I’m not sure about other professions, but most writers I know have very long memories. It’s those memories that help us fabricate stories based on past experiences, places we’ve been, and people we’ve met along the way. So when I was thinking of what to write for this blog, I went back to my childhood.

I was about six and had been pestering my parents for a pet for about as long as I could talk. At long last, my parents took me to Woolworth’s, where they bought me a green budgie. I named the budgie Hansie (I have no idea where that came from) but sadly, after one night and a body full of hives, it was quickly apparent that I was allergic to feathers. Or at least to budgies. Despite my tears and desperate pleas to keep him, Hansie was duly returned and exchanged for two goldfish.

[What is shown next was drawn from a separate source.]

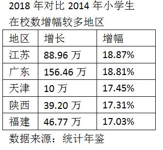 统计年鉴数据显示,对比2014年和2018年小学生的在校数量,江苏、广东、天津、陕西、福建的增幅都超过17%。很多地方小学生数量仍然在持续增长,以2016年数据对比2018年,广东、山东、江苏、河北等地的小学生在校数量均超过30万人,其中广东超过80万人。
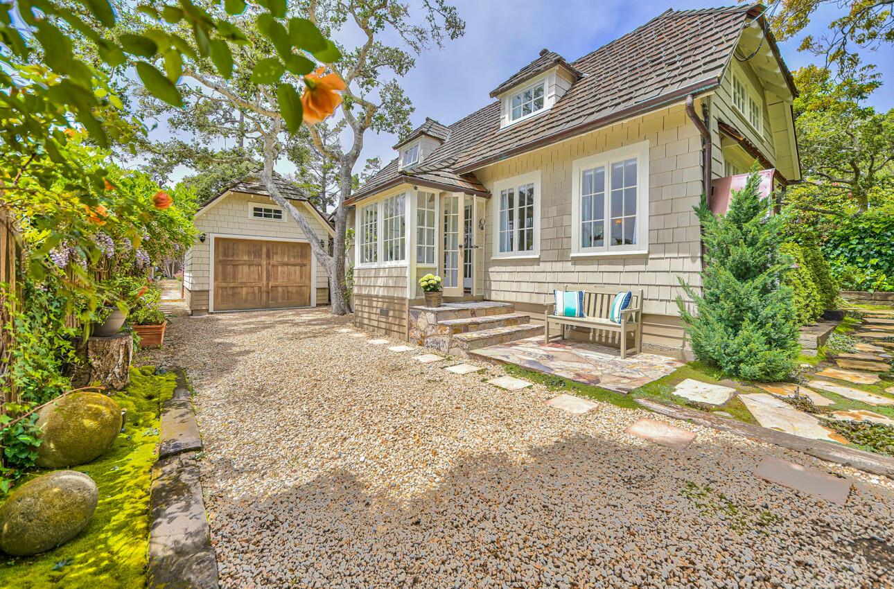 Nestled on a quaint street a block to the vibrant downtown, this property combines charm and modern luxury with an abundance of tranquil outdoor living spaces. Graced throughout with beamed ceilings, wood floors, and many windows and glass paneled doors bathing the home in natural light and showcasing the enchanting lush gardens. Porch entry into the living room with cozy gas fireplace. Kitchen boasts Wolf gas range and Blanco sink. Dining room with built-in cupboard. Dutch doors from office lead to large back patio complete with Wisteria cloaked arbor and outdoor fireplace. Main level secluded primary bedroom suite enjoys vaulted ceilings, Carmel stone fireplace and French doors to the backyard. Primary bath with double sinks. Both baths have marble counters, porcelain sinks, and large subway tiled showers. Two guest bedrooms upstairs with dormer windows. Downstairs wine cellar stays cool naturally. Attached 1-car garage. Space upstairs to add a half-bath with available water credits.

Now, truthfully, even at six, I didn’t see a goldfish as a proper pet, but I figured if I could prove myself with fish, a puppy might be in the foreseeable future. I called my goldfish Goldie (hey, I was six) and Pixie. Everything was going along swimmingly until one day after school I noticed something odd. Pixie had gone from gold to red-gold. How was that even possible?

My first resource was my Encyclopedia Britannica (does anyone remember those?). Nowhere under Goldfish did it say they could change color. Which meant someone had replaced Pixie with an imposter. The most likely suspect was my mother, who would have been home while I was at school. But why? Surely no one would kidnap a goldfish. Would they?

I ran the idea of a goldfish kidnapping by my mother, who shamefacedly admitted that she’d found Pixie floating on top of the water that morning, and wanted to spare me the heartbreak of losing another pet. I forgave her, even after she told me Pixie had been unceremoniously flushed down the toilet. I did, however, insist on making a small grave marker out of popsicle sticks in the side garden. Pixie may have gone to that big aquarium in the sky, but at least she would be remembered.

I named the new goldfish Red, and to the best of my recollection, Red and Goldie lived a couple of years, though it could just as easily have been a couple of months. It’s hard to bond with a goldfish, you know? Especially after my mother tried to trick me about Pixie.